Une partie du travail de PEEDS consiste à organiser les Dalits d’une quarantaine de villages pour récupérer ce qu’on appelle les Panchami Land. Traditionnellement, les Dalits n’étaient autorisés à posséder ni terres ni moyens de production, tout en constituant l’essentiel de la main d’œuvre agricole mise en esclavage par les caste dominantes. Les Britanniques ont d’abord contribué à renforcer le système mais à la fin du 19ème siècle, ils leur distribuèrent des terres censées être « inaliénables ». Bien qu’une loi de 1978 consacre l’interdiction de vendre ces terres en dehors des communautés dalits, les Panchami Land, ont été dans leur quasi-totalité négociées à vil prix ou directement usurpées par des Indiens de castes dominantes. Dans les seuls districts de Theni et Madurai, PEEDS a ainsi identifié près de 1000 ha à récupérer.
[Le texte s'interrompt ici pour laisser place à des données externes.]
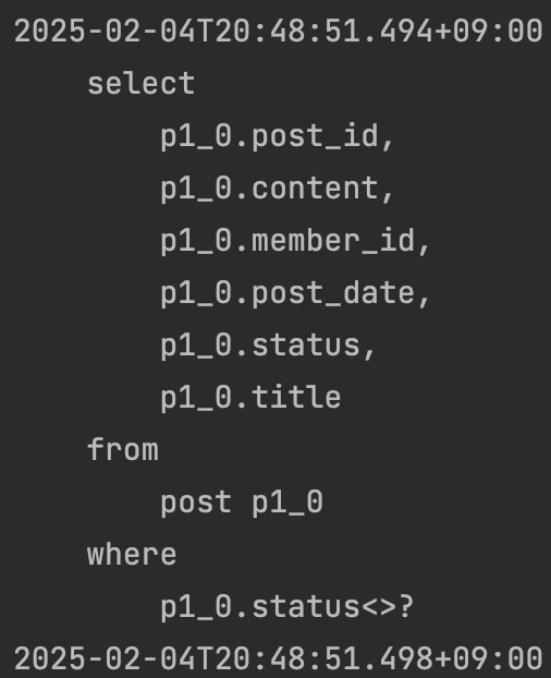 게시글 목록을 조회할 때, 데이터는 정상적으로 출력되었으나 로그 상 쿼리를 보면 2번 실행되고 있는것을 확인할 수 있다. 게시글 목록을 조회하고(1번), SELECT 결과의 Member가 존재하기에 연관된 Member를 또 조회한다(2번). N+1문제가 발생하였으며, 복잡한 연관관계의 경우 여러번 실행되어 성능 저하를 일으킬 수 있다고 생각하였다. 그래서 지연로딩을 적용하였다.

De la violence des protagonistes à l’inertie complice des pouvoirs publics
Une des priorités de PEEDS est d’amener les Dalits à surmonter leur peur à déposer plainte, et le cas échéant d’assurer leur protection, sachant que la plupart des terres ont été spoliées par des Indiens Thevars, une caste réputée pour son extrême violence et politiquement très puissante dans la région. Pour ce faire, l’association forme un réseau de militants et militantes de base à la culture des droits de l’Homme et assure une permanence téléphonique pour les victimes d’atrocités. Depuis près d’un an, PEEDS œuvre également à un rapprochement audacieux avec une sous-caste plutôt pauvre des Thevars, les Kallars, car ces derniers, qui fournissent beaucoup d’hommes de main aux usurpateurs, ont été eux-mêmes spoliés de certaines de leur terre. Aujourd’hui, sur les deux districts de Theni et Madurai, les Kallars constituent 20% des membres de PEEDS. Leur participation au mouvement de récupération des terres contribue ainsi à conjurer une partie des violences, tout en inscrivant résolument la lutte sur le terrain du droit plutôt que sur celui de la défense des seuls Dalits.
Autre défi à relever par l’association : ébranler l’inertie complice de l’administration qui fait traîner l’examen des requêtes, classe les dossiers sans suite ou mute les fonctionnaires enclins à faire respecter les droits des personnes dépossédées. « Un contentieux par village » c’est l’objectif que s’est fixée PEEDS pour maintenir un certain niveau d’émulation à la base et faire monter le rapport de force en puissance. Avec au programme : le soutien juridique des plaignants et l’occupation pacifique des terres. « Nous avons fini de miser sur les seules procédures juridiques, explique T. Baskaran. L’équation est simple : selon le cadastre, ces terres leur appartiennent, les labourer est leur droit le plus absolu ».